1. The Data Value Chain – a clear overview of the value chain
“This really worries me because you seem to know more about my business in three months than I’ve learned in 30 years.”
Lord Ian MacLaurin, Chairman
Tesco Clubcard- START WITH A STORY
EXPOSITION
In early 1990s Tesco was second in the UK supermarket share to Sainsburys. Like any enormous retailer, they had LOTS of data from transactions but no way to personalize it. Just information about which products selling for how much and where. This was great for understanding trends retroactively but not as useful for growing the business, increasing customer spend and loyalty.
In 1995 they launched the Tesco Clubcard. Clubcard holders could collect points (1 point for each pound spent) and received vouchers to their home with magazine every 3 months. They thought that a sales uplift of 1.6% would cover the 10 million pounds cost of launching the card and the reward vouchers. The month after the launch they overtook Sainsburys and stayed ahead for decades. The uplift was around 4% at peak then settling at 2%.

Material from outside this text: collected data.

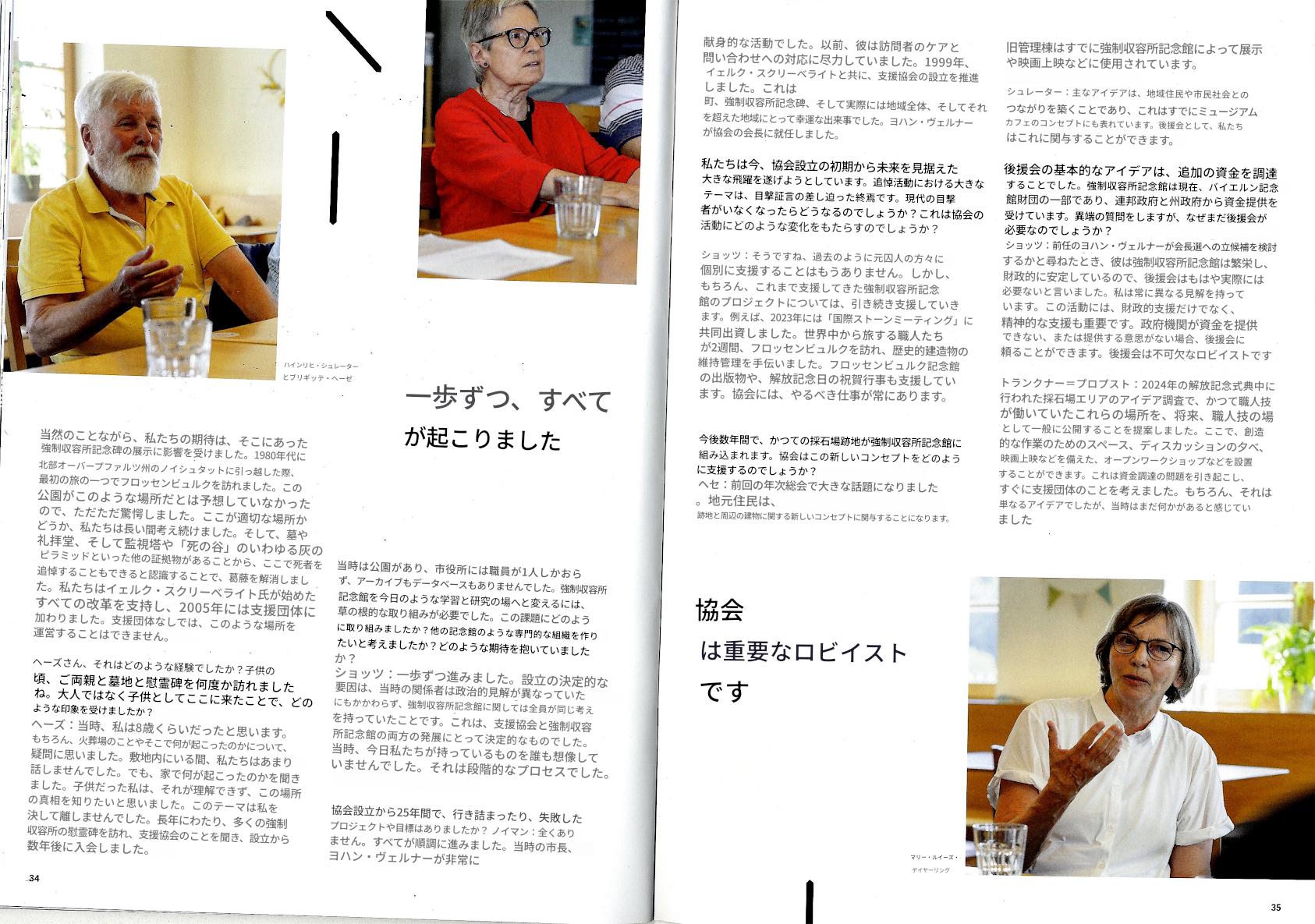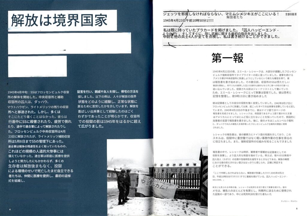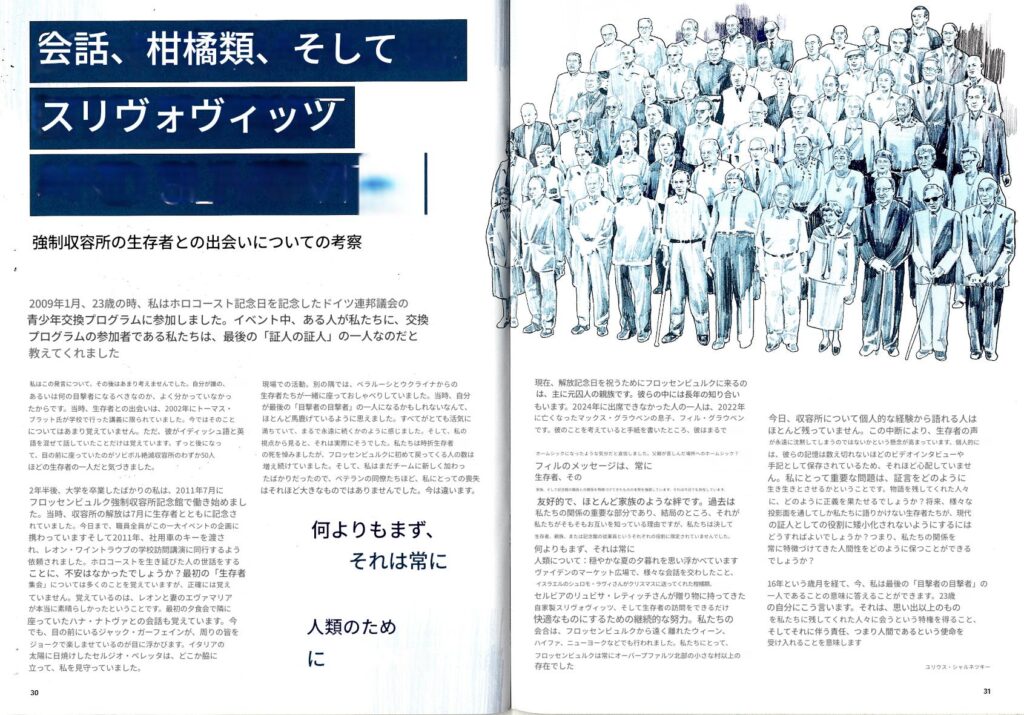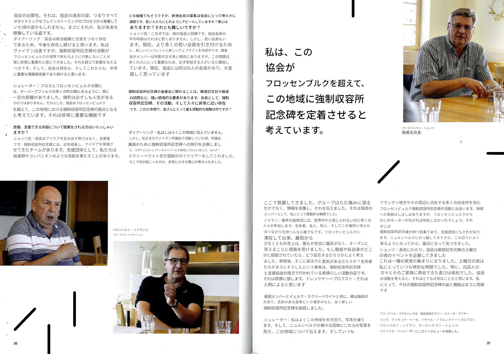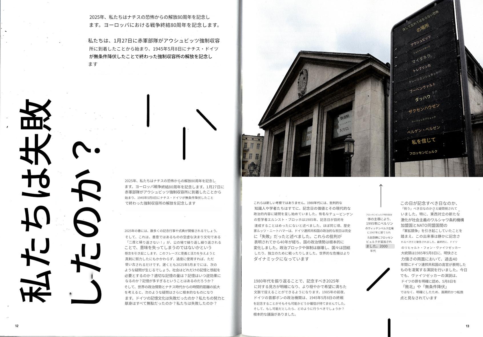 右)読者の皆様! フロッセンビュルク強制収容所記念誌の最新号をお届けできることを嬉しく思います。この新刊は、過去を批判的に考察するとともに、追悼文化の未来についても考察しています
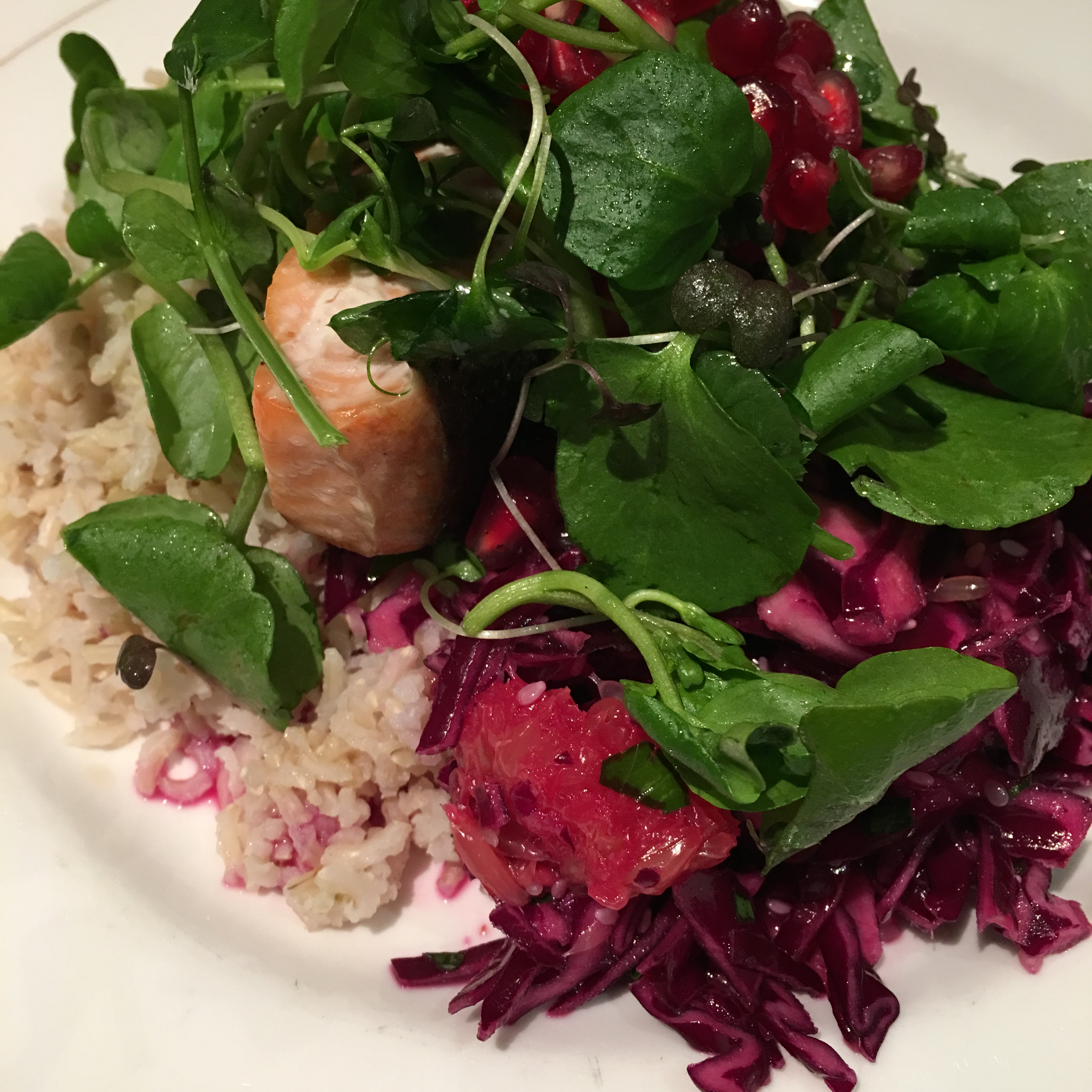 Main: Sticky Pomegranate Salmon with Red Cabbage and Citrus Slaw, Rice
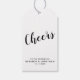 Script moderne Marine Bleu Mariage Vins Tags avec titre 'Cheers' en noir police de script moderne avec nom et date dans police sans serif moderne sur arrière - plan blanc.
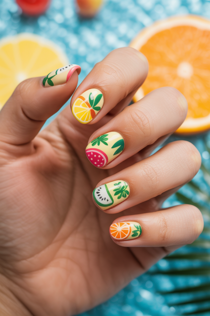 Tropical fruit nail art is a popular choice for summer. Designs often include bright colors like yellow, orange, and green to mimic fruit such as mango, watermelon, and citrus.

It looks like the success was based on increasing customers’ motivation to return to the store because of they would earn vouchers. However, a programme with millions of members generates a tremendous amount of data. Tesco worked with Dunnhumby, a marketing analysis company, to process the data. After the first trial run, in fact, when they presented their findings and case for further roll out to the board, Tesco’s chairman, Lord Ian MacLaurin, famously said,“Well, this really worries me because you seem to know more about my business in three months than I’ve learned in 30 years.”
In Sept 2002 Tesco rolled out targeted electronic coupons at the checkout – automatically printed at tills at time of purchase but not like competitors, not triggered by purchase of a certain item, but by the customers own recent purchase history. Out of 100 – 200 offers, the system selected those relevant to that customer.
In Nov 2002 added an online clubcard – as reward points converted to ecoupons to be redeemed online, all of the then 10 million customers were being encouraged to log in online. Company made use of the data by targeting customers with mailshots highlighting different offers and advantages to well segmented groups based on known spending and shopping habits.
(Note: because Dunnhummy was so successful with Clubcardand its associated customer analytics, Tesco actually bought the business, in the process making multi-millionaires of its founders.)
INTERPRETATION
Tesco is considered prime example of successful customer loyalty scheme using big data. Albeit, due to fierce competition they have seen a drop in profits in last 8 years. Why did this case make such an impact?
As a “normal” retailer, they had huge amounts of data from transactions but no way to make real use of it. By introducing clubcard, they immediately got hugely more enriched customer data: who you were, where you lived, where you shopped, when you shopped, how much you spent and which departments you shopped in. Later on, Clubcard put buying habits with a name (and a face) and an email address. So what started as a hope for a loyalty effect, opened the door to a direct marketing channel to consumers, which enabled them to access unparalleled flows of data and run the business better. “It was the first time a mass retailer could talk to individual customers on a personal level.” Tim Mason, who became Tesco’s board-level marketing director in 1995.